La nigredo, ou noirceur, représente le premier stade. Elle n'a pas de qualité unique et peut être , pour le "philosophe", l'état initial de la matière primordiale ou, pour celui qui travaille dans son laboratoire, le résultat de la phase de décomposition des éléments. Cette décomposition est suivie par une recomposition consistant en une union des deux polarités féminine et masculine. Et ça n'est pas fini: il y a dissolution, mort du produit de l'union et une nouvelle nigredo.

Ensuite vient l'albedo ou passage au blanc. Ce moment du processus a, pour C.G.Jung,  deux sens possibles. En simplifiant une citation de son ouvrage "Psychologie et alchimie"dont je m'inspire ici : l' âme (symbolique)libérée par la mort est a nouveau unie au corps mort et détermine sa résurrection ou bien,  l'ensemble des couleurs, appelée "la queue du paon" conduit à une couleur unique, le blanc qui contient toutes les couleurs. 

Ce stade du processus représente déjà, pour beaucoup d'alchimistes, un aboutissement. Il est symbolisé par l'argent, ou la lune, et C.G.Jung le compare à l'aube précédant le lever du soleil.

La transition vers le stade ultime, la rubedo ou passage au rouge, se faisait par la citrinitas, ou passage au jaune, associée au soleil et à l'illumination. Après la suppression de cette étape le rouge suivit directement le blanc. A ce stade, le rouge et le blanc, le soleil masculin et la lune féminine (souvent symbolisés par le roi et la reine)  peuvent, au moment où le feu atteint son acmé, célébrer leurs "noces chimiques"  .

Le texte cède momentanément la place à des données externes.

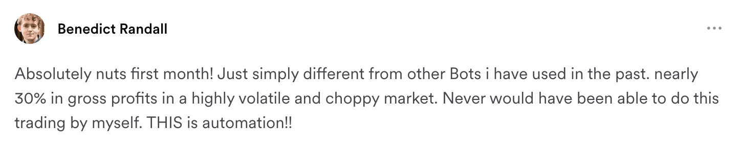 Our Smart Bots are designed to work for you, they watch the charts and identify the most profitable setups using our backtested, high-accuracy algorithm, resulting in perfect long and short entries 8 out of 10 times.

Tout ceci  est très simplifié. Je tente seulement de donner un aperçu des termes courants de l'alchimie. Le processus est loin d'être linéaire. Il comprend d'incessantes "putréfactions", "ablutions", morts et résurrections, sans compter les copulations, de la matière. Je pense, comme C.G.Jung, que ces métamorphoses ont pour origine et conséquences les variations de l'état du psychisme de l'opérateur. Celui qui aura le courage de méditer de manière "philosophique" sur la symbolique de ces phases commencera, peut-être, à entrevoir l'intérêt, qu'elles présentent si on les compare aux phases possibles, ou impossibles,de notre évolution spirituelle.

 

05/12/2006

L'ombre, éclairée par C.G. Jung

Celui qui parvient à revêtir son Moi d'une persona bien épaisse possède un bon système d'adaptation et de communication avec le monde extérieur. Il y a un prix à payer. 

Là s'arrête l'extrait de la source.